>>
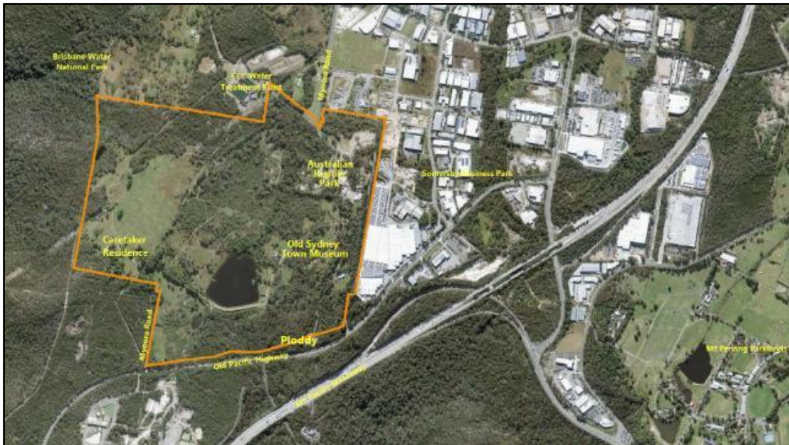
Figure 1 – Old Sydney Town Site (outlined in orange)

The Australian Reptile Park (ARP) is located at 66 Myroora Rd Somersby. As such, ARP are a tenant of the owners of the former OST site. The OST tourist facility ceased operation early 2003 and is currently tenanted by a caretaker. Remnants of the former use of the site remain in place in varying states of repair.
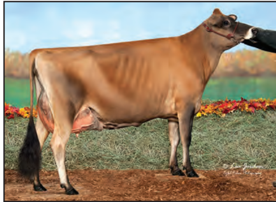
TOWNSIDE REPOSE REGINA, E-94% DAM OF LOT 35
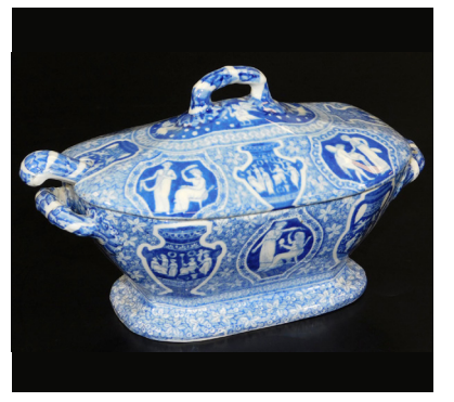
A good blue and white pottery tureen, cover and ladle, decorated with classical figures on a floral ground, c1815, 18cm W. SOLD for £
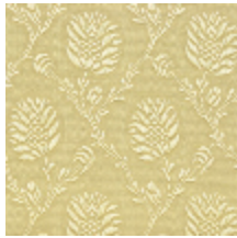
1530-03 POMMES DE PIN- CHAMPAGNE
<<
>>
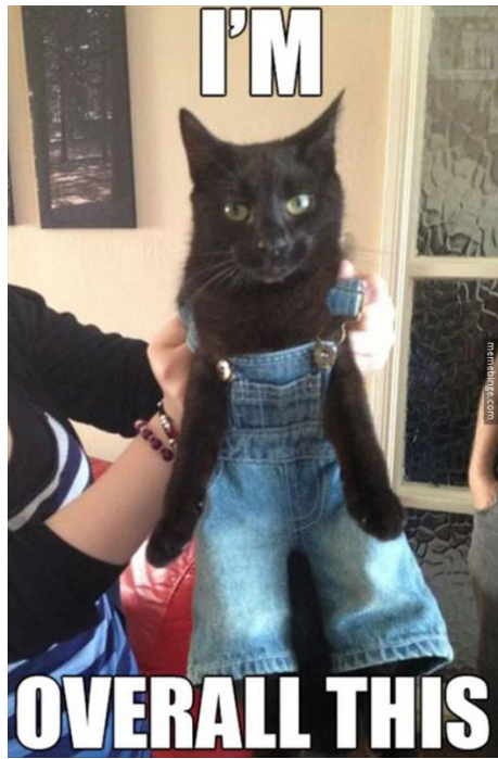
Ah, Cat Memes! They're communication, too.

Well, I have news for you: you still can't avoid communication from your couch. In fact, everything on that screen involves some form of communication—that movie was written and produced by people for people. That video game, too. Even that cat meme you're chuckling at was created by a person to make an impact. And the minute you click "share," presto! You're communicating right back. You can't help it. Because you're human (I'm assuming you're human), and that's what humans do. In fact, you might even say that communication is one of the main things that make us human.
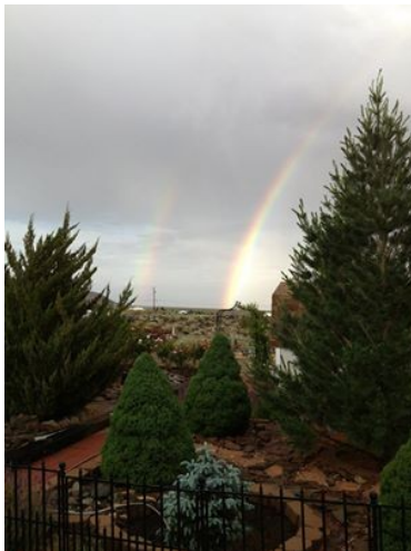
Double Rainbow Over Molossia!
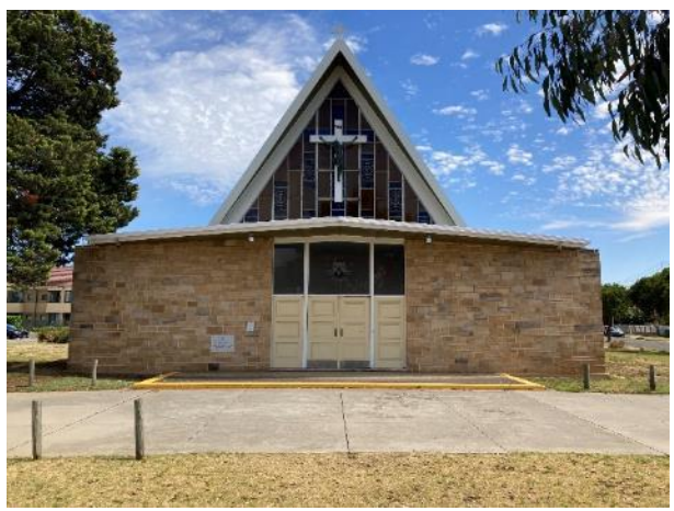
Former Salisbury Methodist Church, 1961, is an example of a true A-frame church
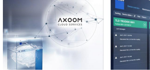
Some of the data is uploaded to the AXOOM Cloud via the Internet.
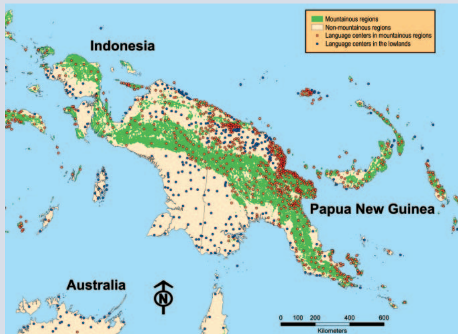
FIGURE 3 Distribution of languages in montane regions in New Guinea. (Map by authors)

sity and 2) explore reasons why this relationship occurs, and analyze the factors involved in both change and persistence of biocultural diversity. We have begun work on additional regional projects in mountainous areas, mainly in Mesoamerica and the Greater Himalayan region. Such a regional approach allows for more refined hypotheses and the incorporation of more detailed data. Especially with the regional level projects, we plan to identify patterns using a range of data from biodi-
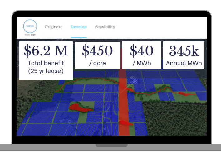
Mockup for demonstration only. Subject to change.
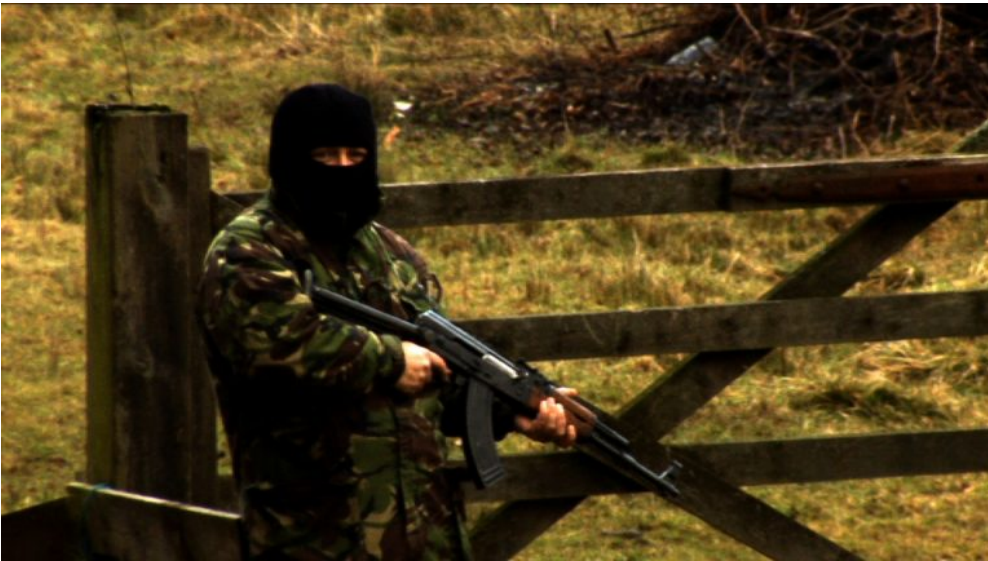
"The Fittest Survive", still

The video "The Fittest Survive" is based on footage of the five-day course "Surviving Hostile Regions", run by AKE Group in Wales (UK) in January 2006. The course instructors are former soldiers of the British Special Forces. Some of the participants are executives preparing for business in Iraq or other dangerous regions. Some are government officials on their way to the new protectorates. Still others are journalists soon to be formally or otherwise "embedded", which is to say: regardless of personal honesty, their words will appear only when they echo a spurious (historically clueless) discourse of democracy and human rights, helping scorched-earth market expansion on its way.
<<
>>
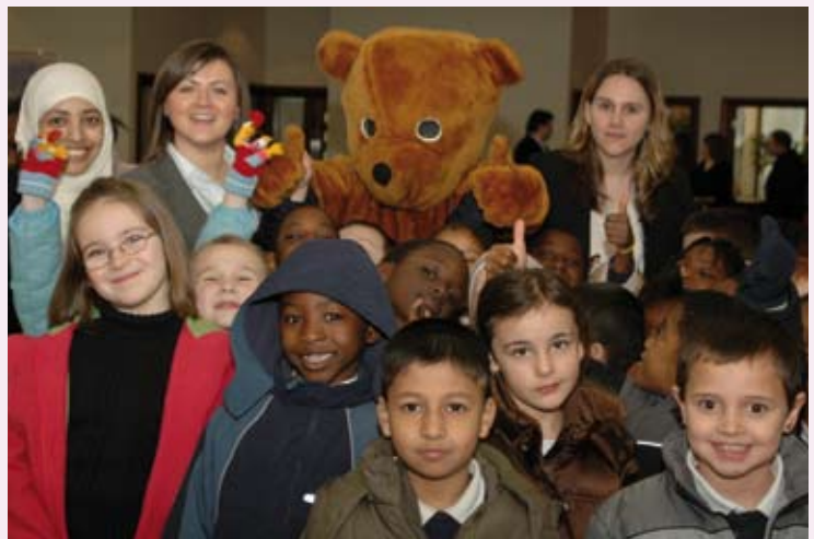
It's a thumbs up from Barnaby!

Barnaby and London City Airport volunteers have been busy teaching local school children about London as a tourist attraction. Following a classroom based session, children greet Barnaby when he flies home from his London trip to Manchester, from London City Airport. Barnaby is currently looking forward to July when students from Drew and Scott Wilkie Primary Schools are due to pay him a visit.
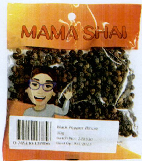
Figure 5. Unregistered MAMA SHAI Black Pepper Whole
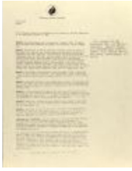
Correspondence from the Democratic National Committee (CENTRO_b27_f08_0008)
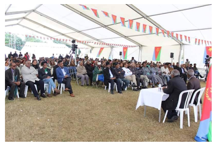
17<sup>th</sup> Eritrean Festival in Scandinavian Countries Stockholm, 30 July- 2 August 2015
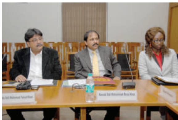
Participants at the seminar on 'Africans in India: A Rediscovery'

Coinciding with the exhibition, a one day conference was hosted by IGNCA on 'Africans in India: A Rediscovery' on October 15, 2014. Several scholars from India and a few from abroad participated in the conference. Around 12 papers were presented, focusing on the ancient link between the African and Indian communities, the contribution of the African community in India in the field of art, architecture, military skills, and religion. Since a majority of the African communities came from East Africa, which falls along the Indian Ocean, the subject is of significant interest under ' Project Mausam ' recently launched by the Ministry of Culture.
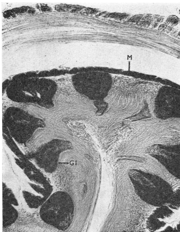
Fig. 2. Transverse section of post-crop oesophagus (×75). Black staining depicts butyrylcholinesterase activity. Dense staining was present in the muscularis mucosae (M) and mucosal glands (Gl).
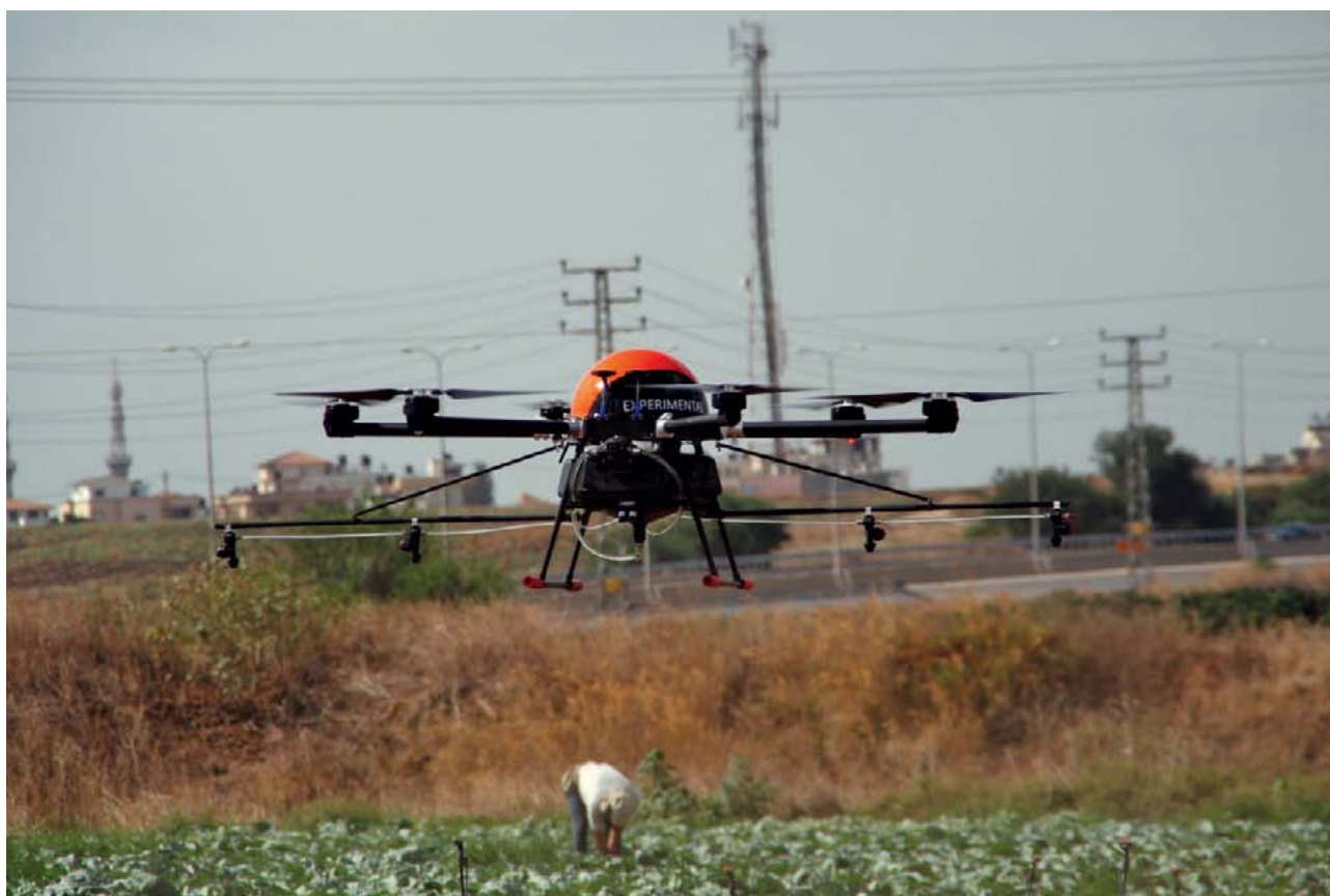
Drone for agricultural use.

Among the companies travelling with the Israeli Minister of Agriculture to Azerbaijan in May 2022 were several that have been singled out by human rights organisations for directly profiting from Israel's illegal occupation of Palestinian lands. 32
<<
> [ASSIGNED TASK] In the listing above, find the line with "Fig. 2. Transverse" and the line with "Drone for agricultural use.". Transcribe those two and everything between, exactly, leaving out pictures.

> [SOLUTION TO THIS TASK]
Fig. 2. Transverse section of post-crop oesophagus (×75). Black staining depicts butyrylcholinesterase activity. Dense staining was present in the muscularis mucosae (M) and mucosal glands (Gl).
Drone for agricultural use.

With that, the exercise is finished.